Ice cream used to come in 6 quart buckets, now they're down to a gallon, if that.
November 9, 2016 at 9:13 am #5483The cans of chicken are just 5 oz. now and have way too much liquid. When the yogurt went to 6 oz. rather that 8 oz., I called it the 'why bother' size.
Many coffee bags now are 10 oz. Ice cream is in such weird ounces that it is ridiculous. Almost everything has been pared down in size, actually.
Carpentry items are just as bad. Tubes of things have been reduced in size. Plastic roof cement is in .9 gallon buckets. Many bags of concrete patch/mix are in much smaller weight bags. On and on it goes with almost everything.
November 9, 2016 at 1:53 pm #5484Well, a gallon of milk is still a gallon of milk. And a pound of butter is still a pound of butter (but a lot more expensive). It helps if the quantity is identified with the product. Otherwise, the incredible shrinking act kicks in.

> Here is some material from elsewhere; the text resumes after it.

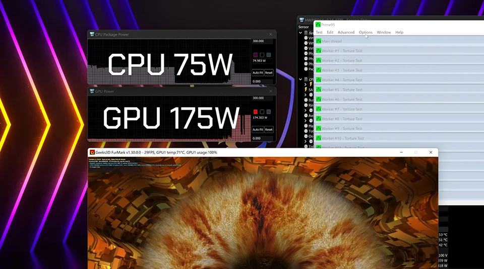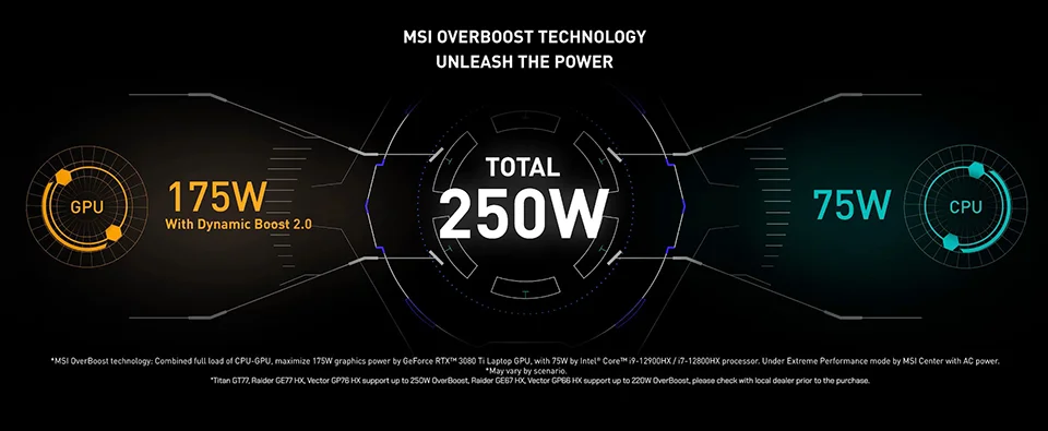Az MSI mérnöki erőfeszítéseinek köszönhetően az új Titan GT77, Raider GE77 HX és Vector GP HX sorozat az OverBoost technológiával akár 250 W-os teljesítményt is képes leadni akkor, amikor a GPU és a CPU teljes terhelés alá kerül!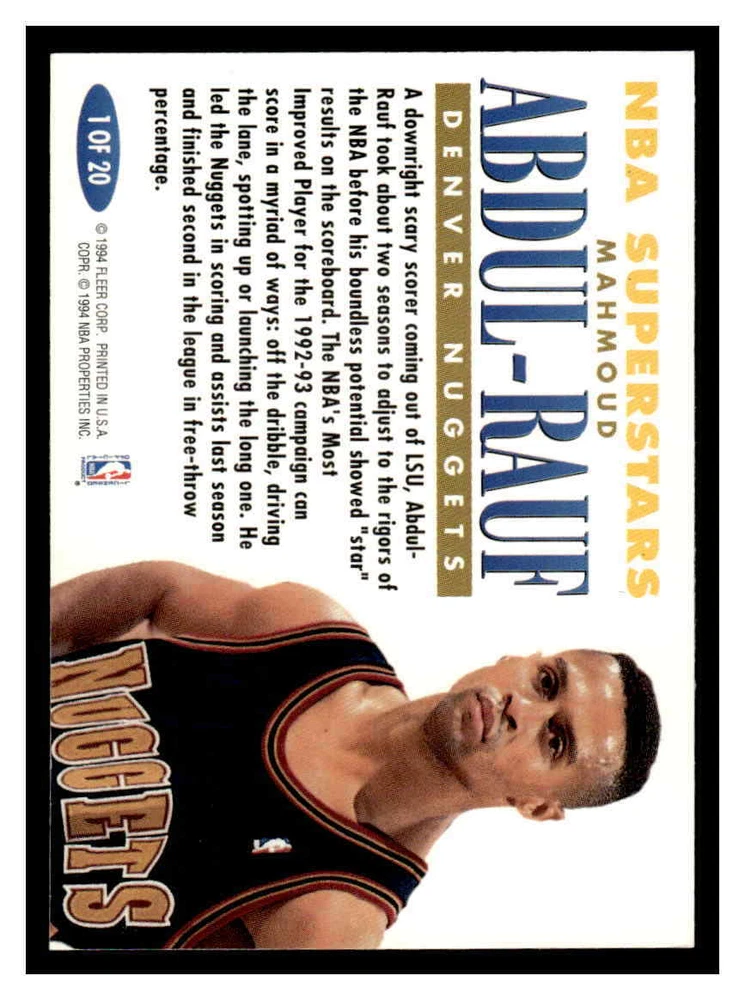 This is a nice example of a 1993-94 Fleer #1 Mahmoud Abdul-Rauf NBA Superstars Other important information about this card: In 1993 Mahmoud Abdul-Rauf played for the Denver Nuggets. Please check out our other listings for more great cards.

November 9, 2016 at 2:18 pm #5485What I hate is getting 14oz for a package of cookies, it looks like a full pound but it isn't. It makes it hard to compare prices when some cookies come in 10oz and 12 oz and the last 14oz. I like gingersnaps because they can still be bought in 1 lb packages
Also jelly and jam come in different size containers. Trader Joe's has 16 oz jars but to be truly accurate the price of heavy glass should be considered
November 11, 2016 at 4:50 am #5490Mike, your soda fountain background is evident. I don't think most of us got ice cream in 6 quart containers (except maybe when we raided the kitchen at boarding school ?) But a half gallon has become 12 ounces and they did change the package size.
November 11, 2016 at 8:52 am #5491The 6, now 4, quart plastic bucket for ice cream is very commonplace in grocery stores here.
Real soda fountains buy ice cream in 2 1/2 gallon cardboard containers. I don't use enough ice cream for that to be practical, and these days I'm not sure where I'd get them. There used to be Goodrich Dairy Stores in Lincoln that would sell 2 1/2 gallon containers of ice cream, but I think the last of them recently closed.
Regional differences in food packaging are hard to fathom. Here in Nebraska we can buy soda (eg, Coca-Cola) in 24 can cases, but when I'm visiting my son in Pittsburgh I never see anything larger than 12 can cases. Some stores now carry 20 can cases (often for about the same price as other stores have the 24 can case, of course.)